All pictures are to be skipped; retype only the lines from the top of the entries through the line with "Несмотря на надпись", both included.

......

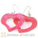Pink Crystal Heart Basketball Wives Bamboo Hoop Earrings
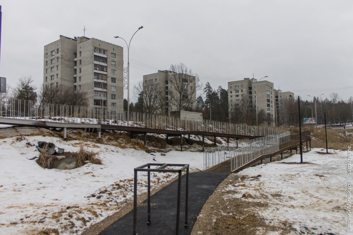 Несмотря на надпись на плакате, которая гласит, что окончание работ должно было быть 12 ноября, объект закончить не успели и впёрлись прямиком в зиму. Возле моста можно заценить продвижение строительства лестницы и пандуса:
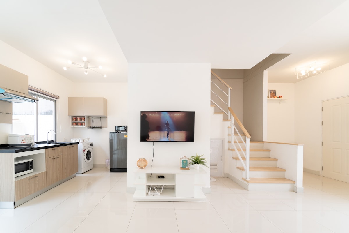 快適でリラックスした滞在に必要なものがすべて備わった、美しくデザインされた家に家族みんなでお越しください。 注目ポイント • 2階建ての一戸建て • 200平方メートルの居住空間 • 専用駐車場。 •キングサイズベッド付きの寝室2部屋 • バスルーム2室とジャグジー • 設備の充実したキッチン •広々とした庭 近くには: • DMK空港(10 km) • IMPACTアリーナムアントンターニ • MRTダークレッドライン •ゴルフクラブ バンコクを車や公共交通機関でシームレスに探索できるようにします。
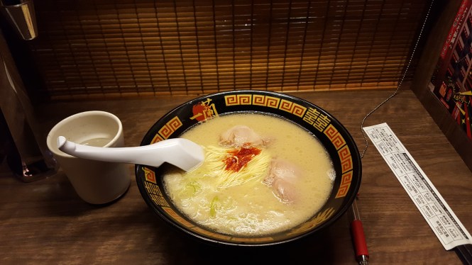 Lunch time came around and I tried out one of the restaurant chains called Ichiran, which specialises in tonkotsu ramen, the specialty of Fukuoka. The ordering system is called izakaya, where you order and pay at a vending machine, get a ticket, pick a seat and give your ticket to a waiter. I chose the counter section, where you get a little booth to yourself and once your food comes out, the little curtain comes down and you can eat in peace. It was the ideal setting for an introvert to quietly enjoy a delicious meal and the restaurant filled up quickly.
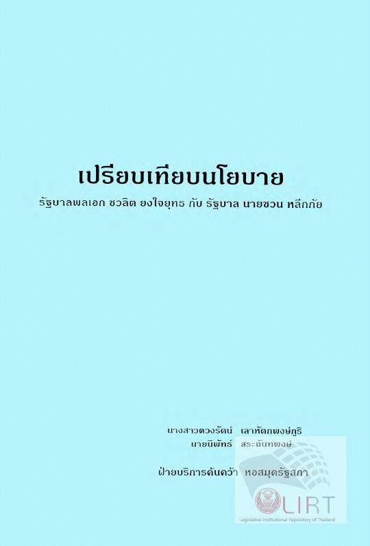 เปรียบเทียบนโยบายรัฐบาลพลเอกชวลิต ยงใจยุทธ กับรัฐบาลนายชวน หลีกภัย / หอสมุดรัฐสภา สำนักงานเลขาธิการสภาผู้แทนราษฎร.

......

• Answer box:
Pink Crystal Heart Basketball Wives Bamboo Hoop Earrings
 Несмотря на надпись на плакате, которая гласит, что окончание работ должно было быть 12 ноября, объект закончить не успели и впёрлись прямиком в зиму. Возле моста можно заценить продвижение строительства лестницы и пандуса:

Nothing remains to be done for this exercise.